Personal information
- Full name: Octavian George Popescu
- Date of birth: 27 December 2002 (age 23)
- Place of birth: Târgoviște, Romania
- Height: 1.80 m (5 ft 11 in)
- Positions: Winger; attacking midfielder;

Team information
- Current team: Levadiakos (on loan from FCSB)
- Number: 30

Youth career
- 2011–2014: Grup Școlar Agricol Nucet
- 2014–2020: Regal Sport București
- 2019: → Rapid București (loan)
- 2019–2020: → Universitatea Craiova (loan)

Senior career*
- Years: Team / Apps / (Gls)
- 2020–: FCSB / 187 / (25)
- 2026–: → Levadiakos (loan) / 1 / (0)

International career^{‡}
- 2021–2025: Romania U21 / 19 / (2)
- 2021: Romania Olympic / 2 / (0)
- 2022–2023: Romania / 7 / (0)

= Octavian Popescu (footballer, born 2002) =

Romanian footballer (born 2002)

Octavian George Popescu (/ro/; born 27 December 2002) is a Romanian professional footballer who plays as a winger or an attacking midfielder for Super League Greece club Levadiakos, on loan from Liga I club FCSB..

After playing junior football for Rapid București and Universitatea Craiova among others, Popescu recorded his professional debut with FCSB in 2020, at age 17. He won his first national title in the 2023–24 season.

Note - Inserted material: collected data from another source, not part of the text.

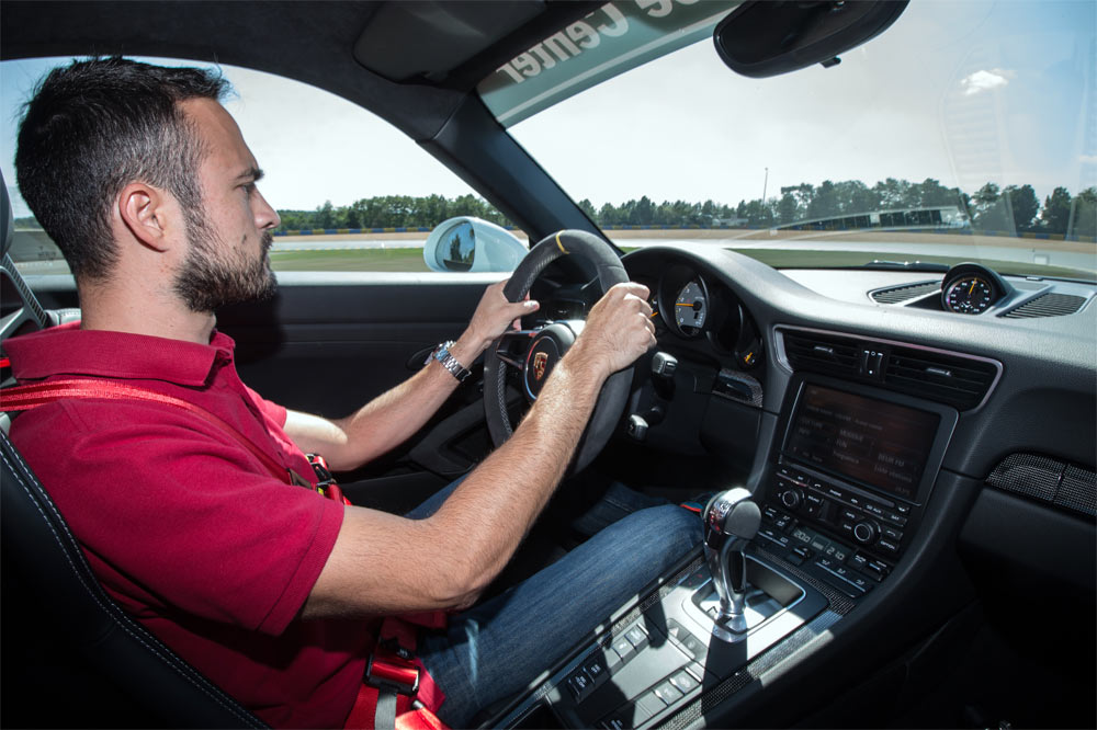 Como decía Calderón de la Barca, “los sueños, sueños son”, pero algunas veces esos deseos se cumplen. Siempre he fantaseado con pilotar un Porsche 917 en el trazado más mítico del mundo: el Circuito de la Sarthe. Steve McQueen tiene gran culpa de ello. Como te comentaba, si anhelas algo con mucha fuerza puede llegar a hacerse realidad. En mi caso ha sido la compañía de Stuttgart, y no la intensidad de mis plegarias, la que me ha dado la oportunidad de poder pisar parte de la pista donde se desarrolla la carrera más legendaria e importante del mundo, las 24 Horas de Le Mans, además de la herramienta perfecta a probar: el Porsche 911 GT3 RS 2015.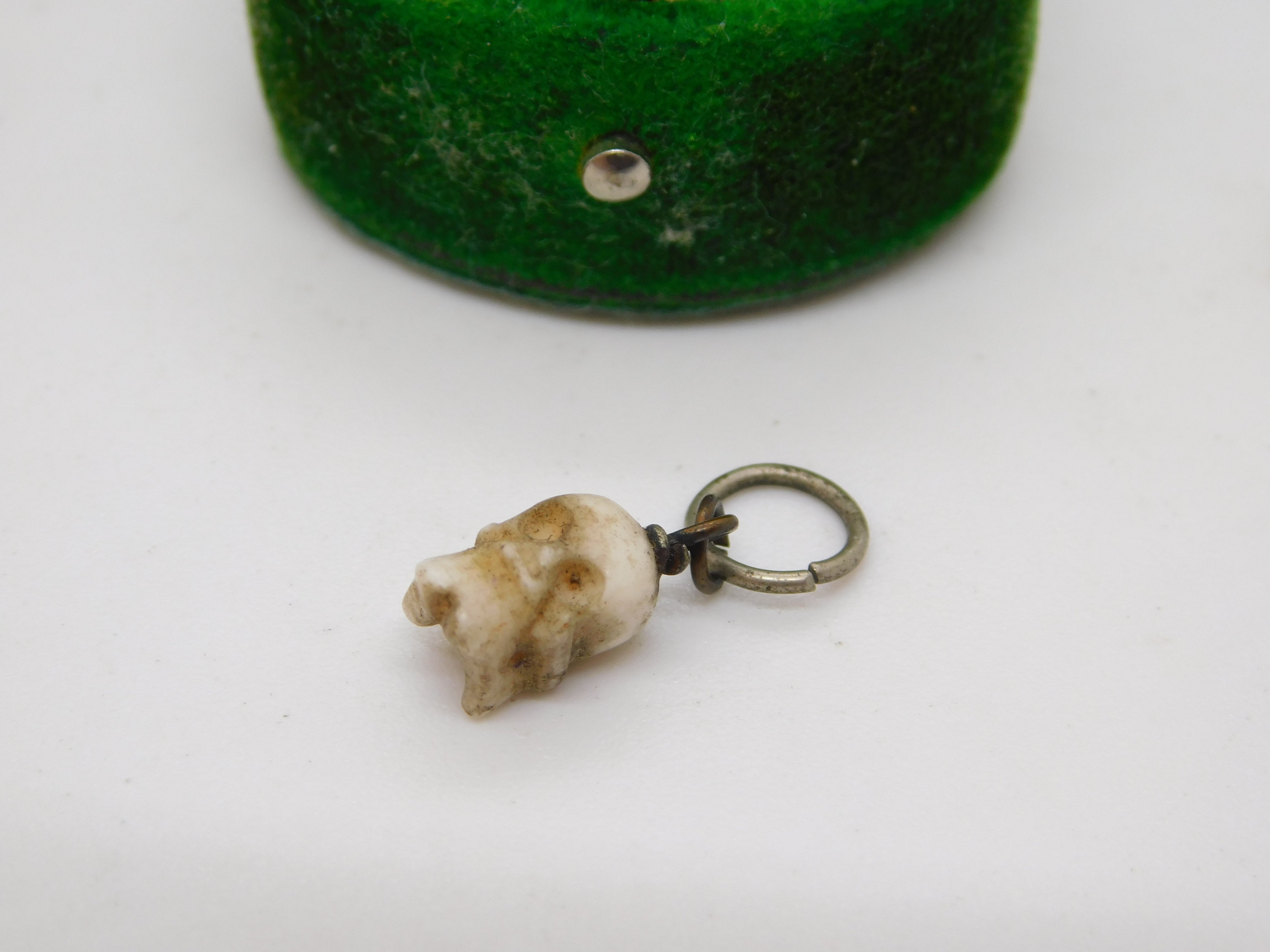 Victorian Carved Glass Small Memento Mori Skull Mourning Charm Antique c1860
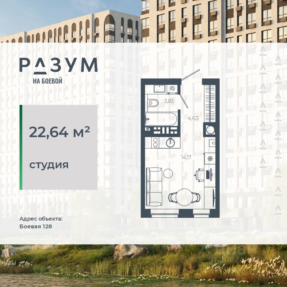 РАЗУМ на Боевой жилой комплекс компании РАЗУМ, создателя Сердце Каспия и Наследие. Проект из трех 18-этажных домов расположен в самом центре Советского района, на улице Боевая. В пешей доступности: - 3 школы; - 3 детских сада; - магазины; - автобусная остановка; Главная особенность проекта — угловое остекление, которое составляет 22% от всей площади. Все окна в квартирах находятся на высоте 62 см от пола, а на восемнадцатом этаже подоконник расположен всего в 42 см от пола. Во дворе-парке для детей создана своя развивающая среда, где каждый ребёнок может найти себе занятия и игры по душе. Здесь дети активно развиваются и познают окружающий мир. Игровые конструкции изготовлены из натуральных материалов, поэтому они не замерзают на морозе и не нагреваются на солнце. Необычные формы конструкций развивают образное мышление у детей и помогают им придумывать интересные и нестандартные игры. РАЗУМ на Боевой — это: - территория без машин; - безбарьерная среда; - единый эко-стиль в оформлении дворового пространства; - увеличенная площадь озеленения во дворе-парке; - многоуровневое освещение и подсветка фасадов; - видеонаблюдение; - эстетичные подъездные холлы; - колясочные и велосипедные зоны; - кладовые на каждом этаже. В проекте представлены 13 планировочных решений с площадью квартир от 21 м² до 62.2 м² с функциональным разделением на гостевую и приватные зоны.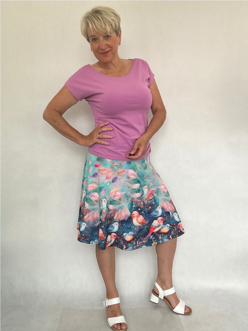 - Délku sukně lze regulovat i tím, že elastický náplet v pase přehnete napůl.
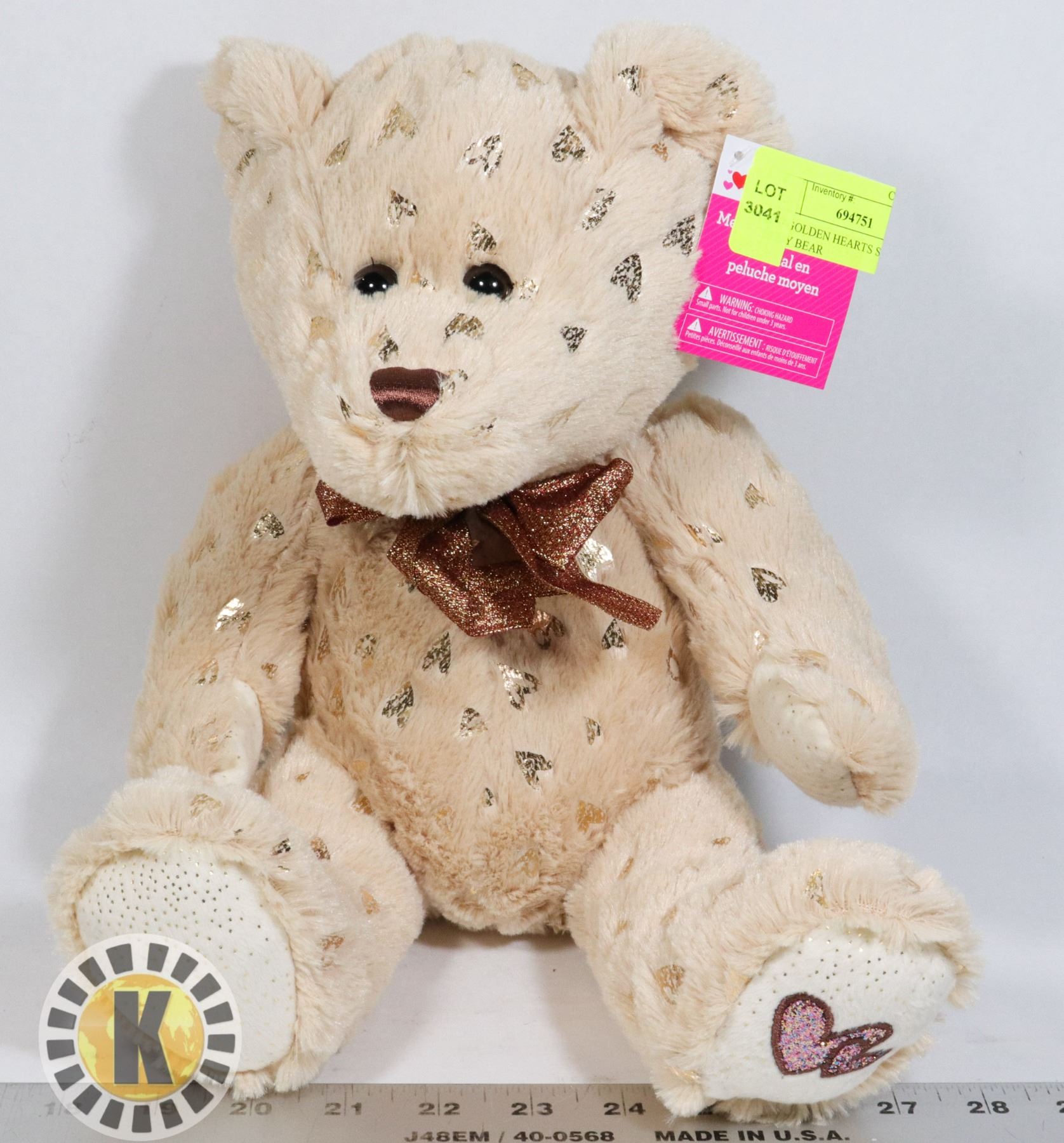NEW GOLDEN HEARTS STUFFED TEDDY BEAR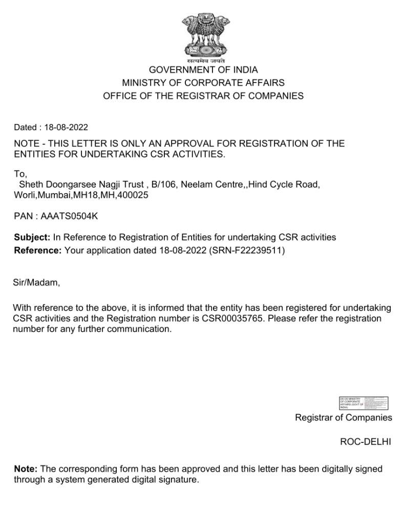 - Cheque can be drawn in favour of “Sheth Doongarshi Nagji Trust”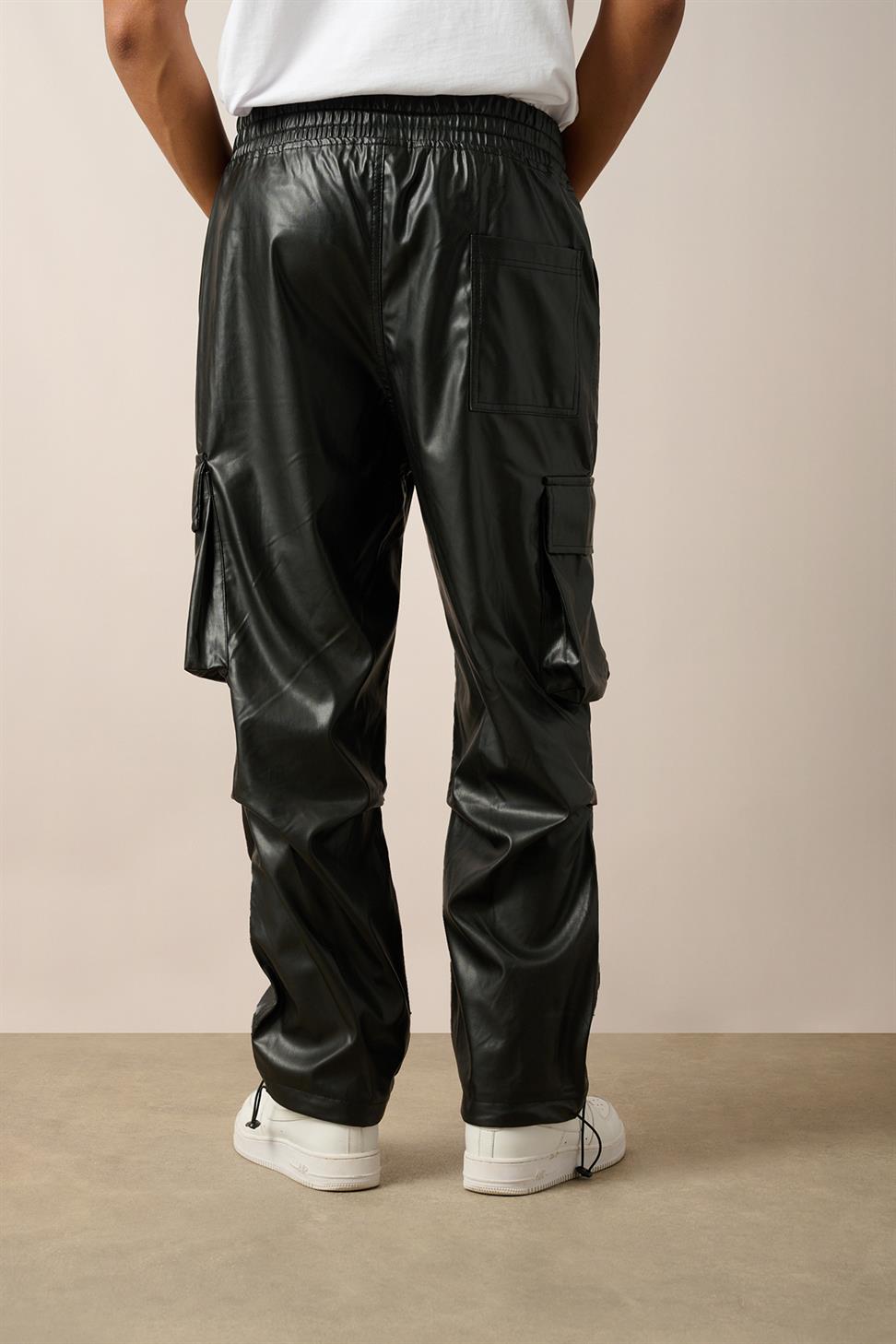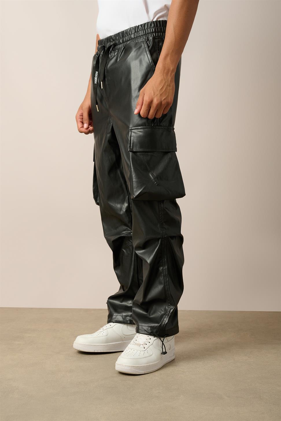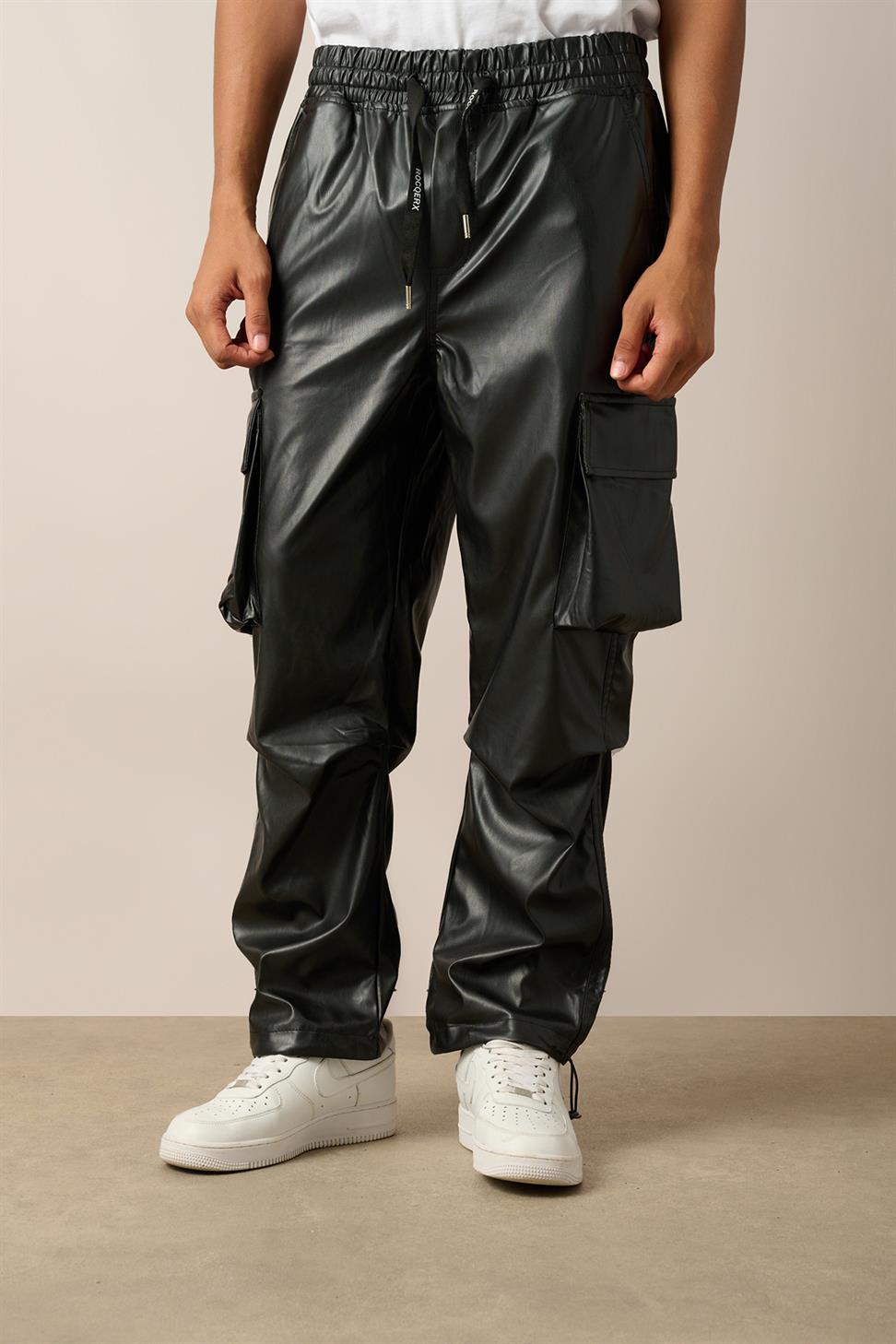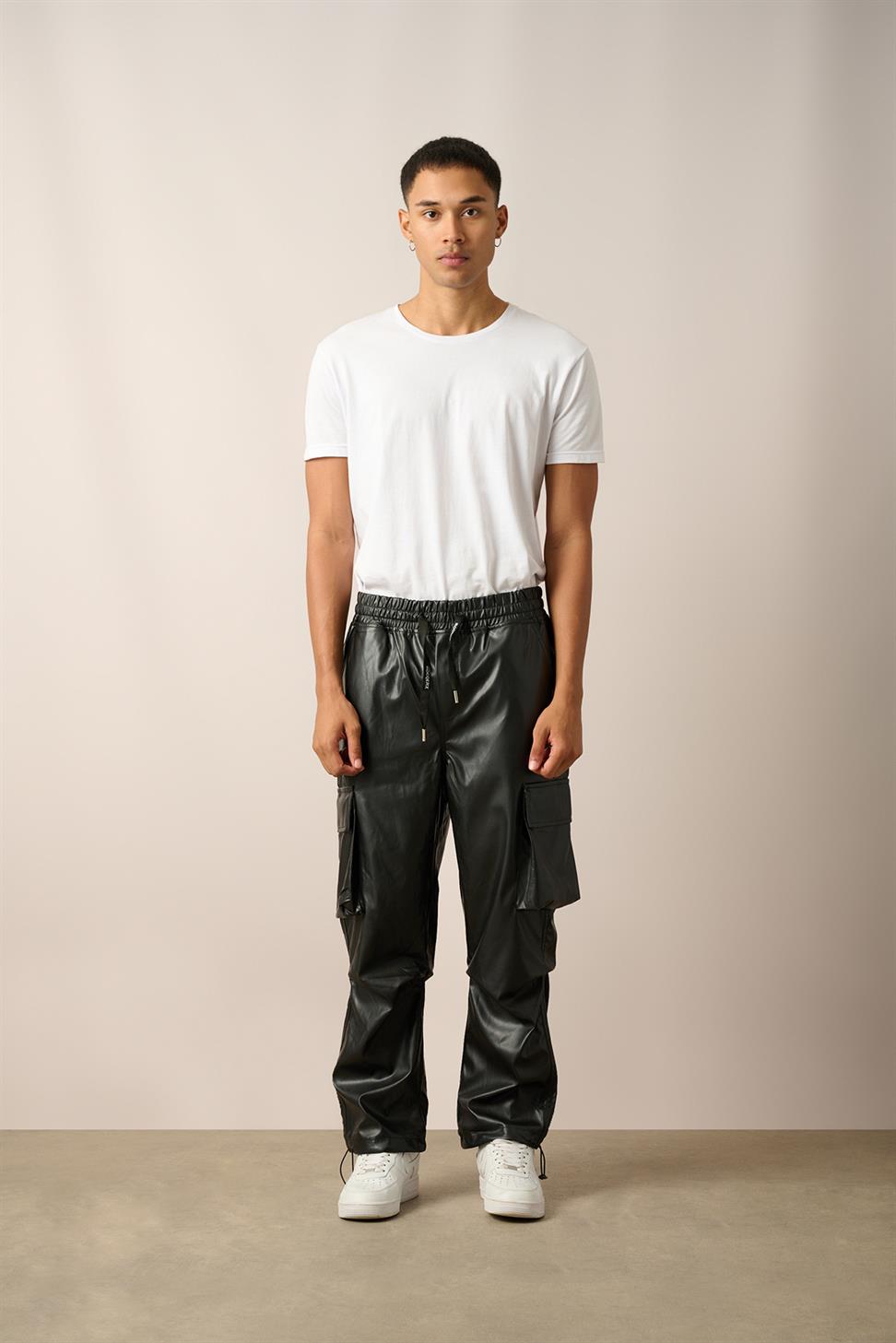 R-4348 Men’s Cargo Pocket Knee Detail Leather Pants – Black

Internationally, Popescu made his senior debut for Romania in a 0–1 friendly loss to Greece in March 2022. He previously represented the nation at under-21 and under-23 levels, competing in two UEFA European Championships with the former.

==Club career==
===Early career===
Popescu started practising football at age eight with the team of his local high school from Nucet, Dâmbovița County. In 2014, he moved to Regal Sport București, where he was teammates with Radu Drăgușin and Luca Florică among others. The capital-based club loaned him out to Rapid București and Universitatea Craiova, respectively, before Popescu joined FCSB in 2020.

===FCSB===
====2020–2021: Debut season====
Popescu was loaned out by FCSB to second tier side Turris Turnu Măgurele on 20 August 2020, but was immediately recalled to his parent club after general manager Mihai Stoica and owner Gigi Becali found out the deal was agreed over their heads. One month later, aged 17, he made his professional debut for FCSB by coming on for Robert Ion in the 50th minute of a 3–0 Liga I win over Argeș Pitești.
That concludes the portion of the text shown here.